3 years ago, the threat of an H5N1 avian influenza pandemic motivated the federal government to undertake pandemic preparedness initiatives. The fruit of that labor is the National Strategy for Pandemic Influenza Implementation Plan issued by the Homeland Security Council in May 2006 http://www.lib.umich.edu/govdocs/pdf/fluplan.pdf.
This plan makes it clear that it is the responsibility of individuals, leaders, and representatives at all levels of society and government to ensure that their communities are adequately prepared.
The World Health Organization recently issued a Phase 5 pandemic alert signaling that an H1N1 swine influenza pandemic is imminent and that the time to complete preparations is running short.
Given the fact that viruses mutate rapidly and behave unpredictably, it simply isn't possible to determine the ultimate virility or severity of this particular virus with any degree of certainty.
In his contribution to the National Strategy, President Bush observed, “Preparing for a pandemic requires the leveraging of all instruments of national power, and coordinated action by all segments of government and society.”
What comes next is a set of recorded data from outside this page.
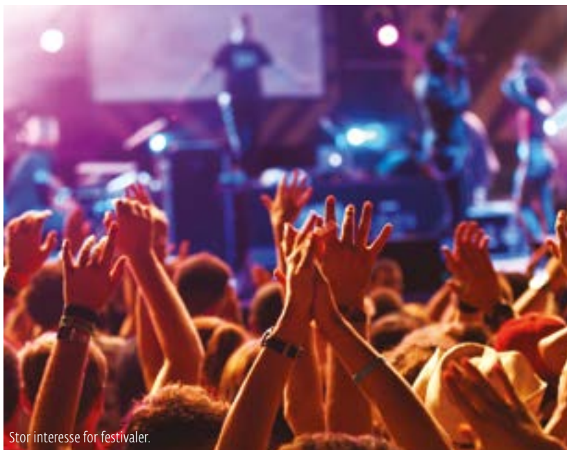
Stor interesse for festivaler.

– Erfaringen viser at det under store arrangementer vil inntreffe hendelser der det er fare for at liv kan gå tapt. Gjennom årenes løp har jeg sett mange eksempler på folk som brått har fått et illebefinnende og falt om. Noen har faktisk dødd, rett og slett fordi det tok for lang tid for helsepersonellet å komme til stedet. Ved slike akutte hendelser er en avhengig av at noen i nærheten kan livreddende førstehjelp. Derfor bør alle festivalarrangører sørge for at det er personer med den nødvendige kunnskap blant publikum, som kan trå til i påvente av at innleid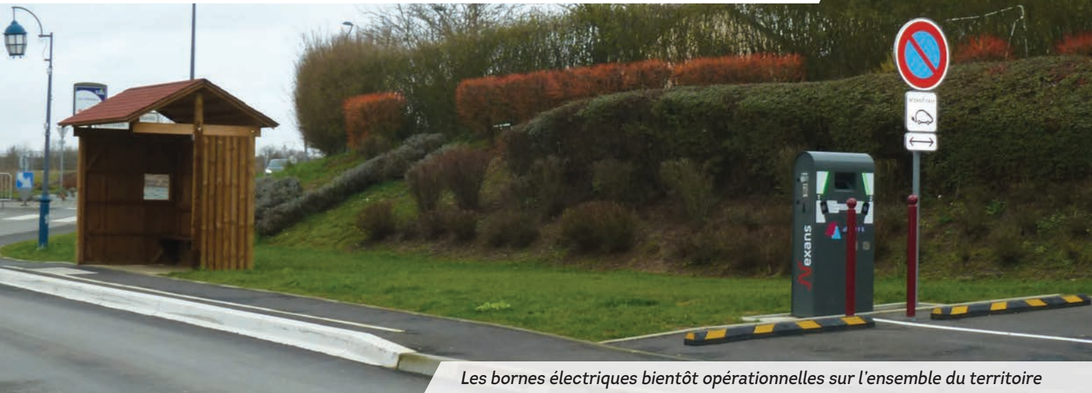
Les bornes électriques bientôt opérationnelles sur l'ensemble du territoire

Aiglemont Arreux Les Ayyvelles Balaives-et-Butz Balan Bazeilles Belval Boutancourt Chalandry-Élaire La Chapelle Charleville-Mézières Cheveuges Cliron Daigny Damouzy Dom-le-Mesnil Donchery Élan Étrépiigny Fagnon Fleigneux Flize Floing Francheval La Francheville Gernelle Gespunsart Givonne Glaire La Grandville Hannogne-Saint-Martin Haudrecy Houldizy Issancourt -et-Rumel Illy Lumes La Moncelle Montcy-Notre-Dame Neufmanil Nouvion sur Meuse Nouzoville Noyers-Pont-Maugis Poureu-aux-Bois Poureu-Saint-Rémy Prix-lès-Mézières Saint-Aignan Saint-Laurent Saint-Menges Sapogne-Feuchères Sécheval Sedan Thelonne Tournes Villers-Semeuse Villers-sur-Bar Ville-sur-Lumes Vivier-au-Court Vrigne-aux-Bois Vrigne-Meuse Wadelincourt Warcq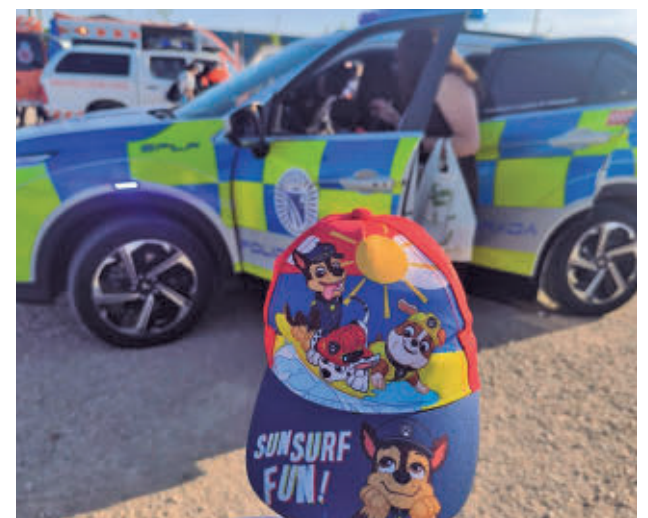
AYTO DE FUENLABRADA

La programación del Encuentro de Culturas incorporó una nueva edición de Expoemergencias en el Parque Ferial, una propuesta dirigida especialmente al público infantil para acercar de forma didáctica y cercana el trabajo que desarrolla el Servicio de Policía Local de Fuenlabrada.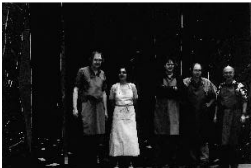
Die Hamburger Künstler, nachdem ihr Holzschnitt durch Blau-Färben sichtbar geworden ist.

Wäre es dem Welt-Jahrtausend-Mann Gutenberg vergönnt gewesen, die ihm dargebrachte außergewöhnliche Huldigung leibhaftig entgegenzunehmen, so hätte er sie möglicherweise mit einem abgewandelten Wort seines fast ebenso berühmten Nachbarn und Namensvetters Goethe kommentiert: „Dieser Farbholzschnitt ist ja ein Gleichnis! Ein Happening“ – hier wurd’s Ereignis!“ ■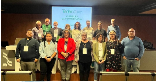
COMFIN en la nueva Junta Directiva de TEDER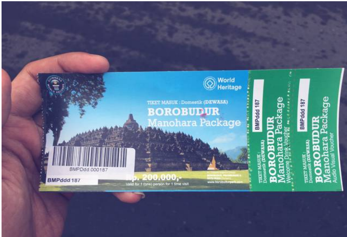
Sumber : Manohara Center of Borobudur Study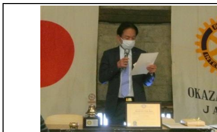
倉内職業奉仕委員長より卓話者紹介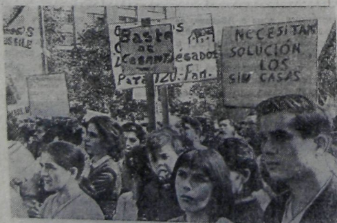
САНТЬЯГО. «Довольно безработицы», «Бездомные ждут решения их проблемы», «Хозяйка обогащается, а нам подбрасывают к зарплате лишь гроши», — под такими лозунгами прошла в столице Чили демонстрация безработных и не имеющих жилищ чилийцев.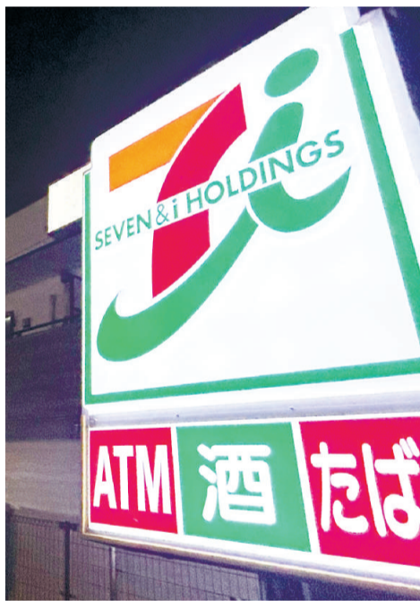
セブンイレブンの店舗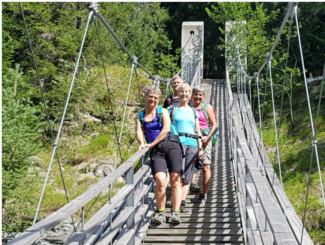
(der Traversina-Steg, eine kühne Brückenkonstruktion von 57m Spannweite)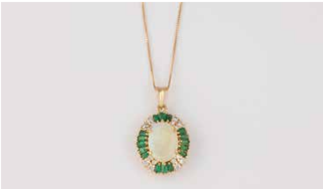
403 | OPAL-ANHÄNGER MIT KETTE Gelbgold. Anhänger 3,0 x 1,9 cm, Ges.-Gew. ca. 6,5 g. Gest. 750. Ein ovaler Opal, ca. 13,9 x 9,8 x 3,2 mm, 16 Smaragde im Trapezschliff, 16 Brillanten, zusammen ca. 0,50 ct., etwa Top Wesselton, VS-Sl. Min. besch. Kette L. 44,5 cm, gest. 750, Gew. ca. 1,6 g. € 1.200,-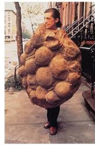
לואיז בורזואה עם תלבושת מלטקס, 1975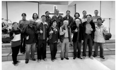
▲ 區會委員、顧問、同工們與王董事長合影

上帝的道是活潑的，是有功效的，比一切兩刃的劍更快，甚至魂與靈，骨節與骨髓，都能刺入、剖開，連心中的思念和主意都能辨明。（來 4：12）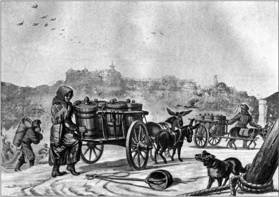
„Dunaviz hordogató” a pesti parton, Szterio Károly akvarellje (Prónay Gábor 1855. Oldalszámozás nélkül)

állandó megrendelőikhez, ahova reggel is, délután is – tehát napjában kétszer – kellett vizet vinni. Egy nap négyszer-ötször fordultak. Állandó megrendelőik ellátása után házról házra járva hangos „Donauwasser!”, utóbb pedig „Duna-vizet!” kiáltással igyekezett felhívni magára a figyelmet. Ha vevőre talált, a puttonyt a hátára kapva maga vagy a segédje vitte föl a vizet a konyhába, s az erre a célra szolgáló tárolóedénybe öntötte. Egy puttony vizet három krajcárért árult, azonban a tarifa az emeletek számával és a Dunától való távolsággal arányosan emelkedett. Általában emeletenként egy krajcárt kértek.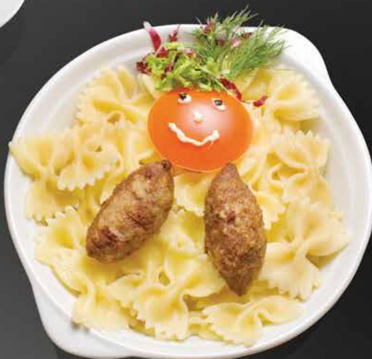
155 ₺ КОТЛЕТКИ ИЗ ТЕЛЯТИНЫ с макаронками 190 гр.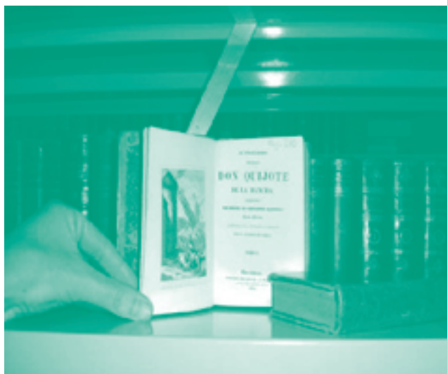
Foto 10. Depósito de monografías

Para la Sección de Libros modernos , la biblioteca adquiere, las últimas publicaciones, las más novedosas que hacen que su colección esté viva y actualizada.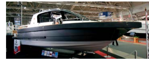
На базе модели-трансформера APB 27 финская верфь Magino создала открытый тендер для мегаяхт (фото справа)

Финская верфь Grandezza представила сразу три новые модели и одну модифициро-

So informed, we have a choice. We can either choose to yield to the nearly universal temptation to leave this responsibility to others and to wait until confronted by crisis to act or we can proactively pursue the challenges of protecting and securing ourselves. If we choose the former, we will likely take our rightful place alongside the residents of Louisiana who continue to suffer from the devastation that resulted from choosing to disregard advance warning of impending catastrophe, assuming that others would protect them when/if the predictions came true, and hoping for the best.
While there is a great deal of uncertainty, what is known is that if a pandemic does strike, it will take several months for a vaccine to be developed and deployed. In the interim, the plan relies principally on 'social distancing' to prevent and contain infection. The physical characteristics of our community place Quadomain residents at increased risk. With 810 households sharing 12 elevators and 8 stairwells, and rotating lobby attendants, the benefits of ‘social distancing’ are significantly denied to all who must share those confined spaces in the normal course of their daily activities.
Some in the media have chosen to hype and alarm rather than inform and motivate people to prepare. The Association has begun the process of developing its plans in concert with critical service providers and our neighboring Associations. Many of the relevant documents are provided here. It will require some effort to become informed and prepared; there is a large and growing body of information available. We have made much of that information available here. Please take the time to take advantage of this valuable resource; inform yourself; inform your neighbors, family and friends; and, most importantly, prepare. The time to act is now.